(Stored data Opens)
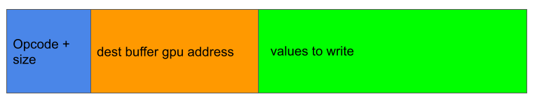 The fact that an opcode that is not in the command buffer appears in the kernel log seems to indicate that the GPU is seeing something that I don’t see, so the first step is to find out what the GPU is actually reading–but how? The commands that are used in the kernel code only include the write instruction, not the read instruction, so there is no obvious way to read from the GPU using the low level commands. To understand how to read, it is perhaps useful to take a closer look at how the write instruction works. The write instruction consists of 3 + num_to_write words, where num_to_write is the length of the write in words. The first word is constructed using cp_type7_packet(CP_MEM_WRITE, 2 + num_to_write), which encodes the write command CP_MEM_WRITE and the size of the command 2 + num_to_write. The next two words are just the GPU address of the destination buffer (which is of 8 bytes, so it splits into two words) and the rest of the instruction just contains the values to be written.
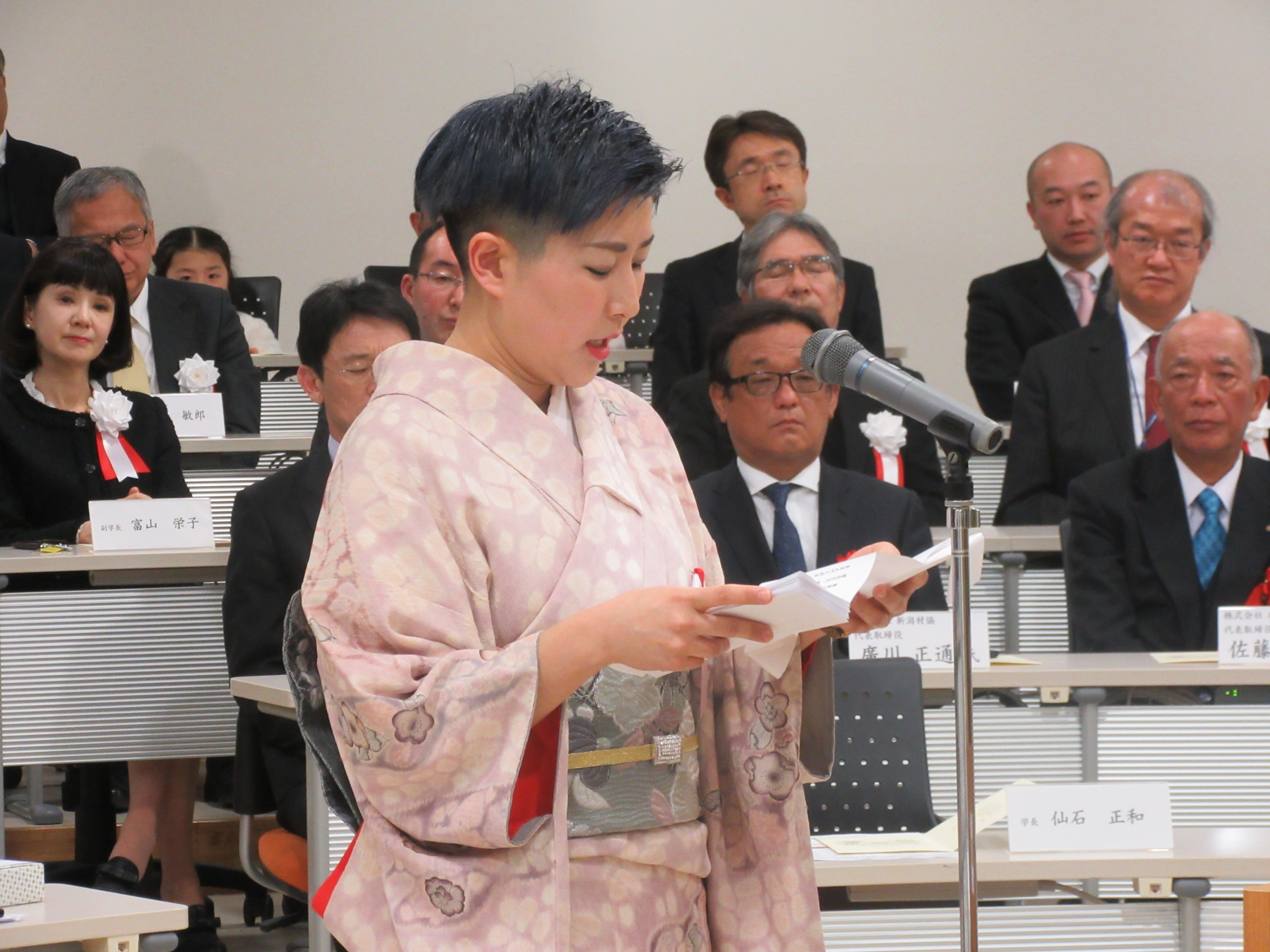 仙石正和学長からの式辞の後、修了生を代表して、佐藤会計事務所勤務の山田育子さんが答辞を述べられました。
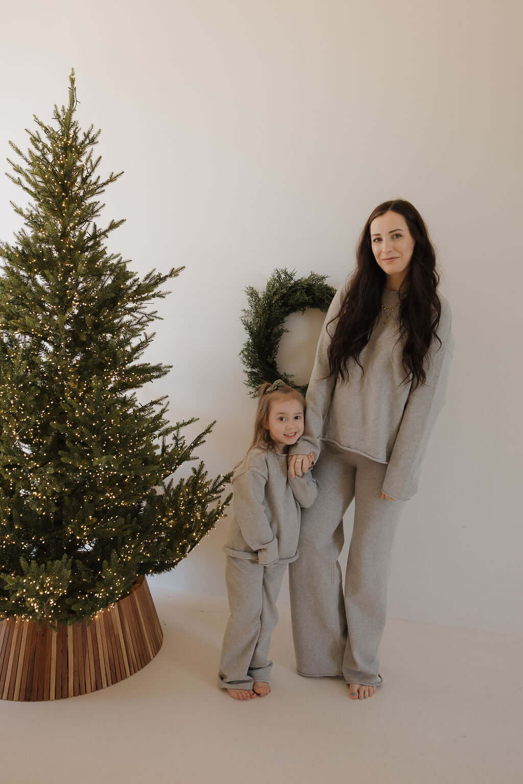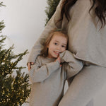Introducing our new knit set, the perfect addition to your wardrobe! This cozy ensemble features an oversized top designed for ultimate comfort, complemented by a workable drawstring that allows for adjustable styling. Don't forget to look at the matching set available in adult sizes.
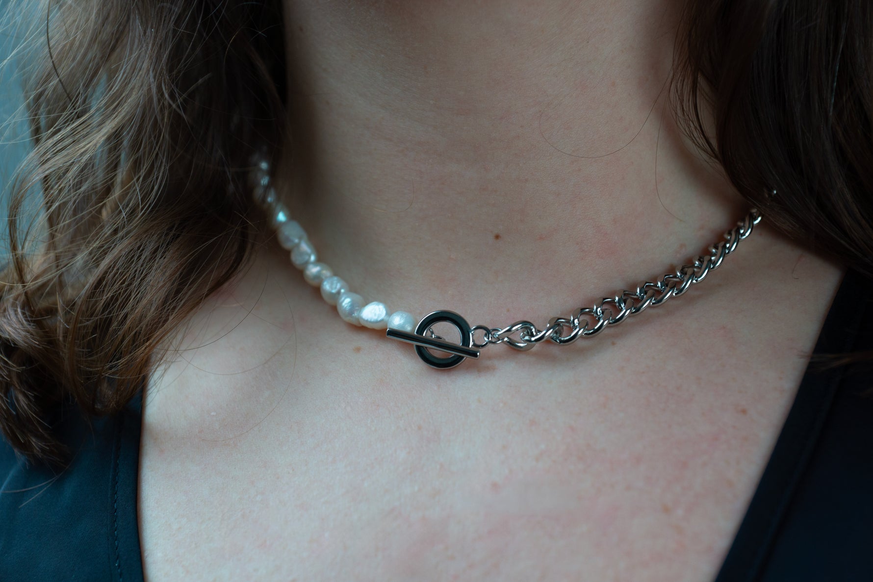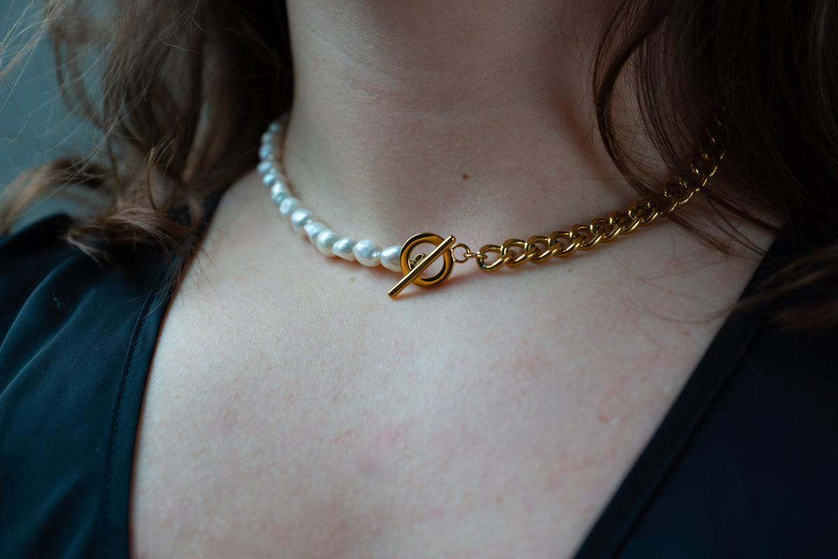 🤍 Le collier Élina célèbre l’équilibre entre modernité et douceur. Sa composition mêle une chaîne argentée au design contemporain à une rangée de véritables perles d’eau douce, chacune choisie pour sa forme naturelle et son éclat nacré unique.
(Stored data Closes)
**Problem:**
Take the line containing "仙石正和学長からの式辞の後、" through the last line of the material and retype exactly those lines, both ends included, with no pictures.

**Answer space:**
 仙石正和学長からの式辞の後、修了生を代表して、佐藤会計事務所勤務の山田育子さんが答辞を述べられました。
Introducing our new knit set, the perfect addition to your wardrobe! This cozy ensemble features an oversized top designed for ultimate comfort, complemented by a workable drawstring that allows for adjustable styling. Don't forget to look at the matching set available in adult sizes.
 🤍 Le collier Élina célèbre l’équilibre entre modernité et douceur. Sa composition mêle une chaîne argentée au design contemporain à une rangée de véritables perles d’eau douce, chacune choisie pour sa forme naturelle et son éclat nacré unique.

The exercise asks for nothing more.